Starting in Cypress 15.10.0, Cypress.env() is deprecated and will be removed in Cypress 16.0.0.
This change is driven by the way Cypress.env() hydrates all Cypress environment values into the browser context, including values a test may never read. This makes it easy to unintentionally expose more data than intended.
We have not seen reports of this being exploited, but we are implementing this deprecation (and future removal) to move Cypress toward safer defaults and more explicit control over how configuration values are exposed during test execution. Teams may choose to rotate existing secrets as part of their normal security practices, but there is no indication of any event requiring urgency around that action.
What to do if you’re on Cypress 15.10.0+
- Migrate usage of Cypress.env()
- Use cy.env() for sensitive values that should remain outside the browser
- Use Cypress.expose() for values that are intentionally safe to expose
- Review your plugins and upgrade any versions that rely on Cypress.env().
- Some plugins, including @cypress/grep and @cypress/code-coverage, require upgrading to their latest major versions to remove this usage. Please see the migration guide for each plugin as there are breaking changes.

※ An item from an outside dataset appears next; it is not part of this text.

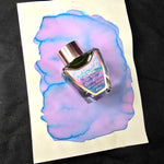 Diese Tinte spiegelt die duale Natur der Kollektion perfekt wider. Auf den meisten Papieren bildet sie eine neblig-lavendelgraue Basis mit changierenden Überlagerungen aus Blaugrün und Rosa, die sich manchmal in staubige Lichthöfe oder marmorierte Farbflächen auflösen. In breiten Federn oder bei nassem Auftrag entstehen blaugrüne Flüsse, wie ein klarer Himmel, der hoffnungsvoll durch die Wolkendecke bricht. Es ist eine Farbe, die sanft und ruhig wirkt, aber nicht ohne Leben – eine ruhige Tinte für ruhige Seiten und nachdenkliches Schreiben.

- Set 'allowCypressEnv: false' in your configuration. This causes any remaining Cypress.env() usage to fail with a message explaining the migration path.
If you cannot upgrade yet (Cypress < 15.10.0)
If upgrading immediately is not possible, we recommend moving any use of Cypress.env() that involves secrets or sensitive values to cy.task(). This keeps those values in the Node.js process and out of the browser. An example of this can be viewed here in our docs. This mitigation is only effective in Cypress v12.5.0 and later.
You can see the full set of changes included in v15.10.0 here. For specific Cypress.env migration patterns and examples, view the full guide here.
We’ll continue working with the community to share proven patterns, improve guidance, and smooth adoption as this rolls out.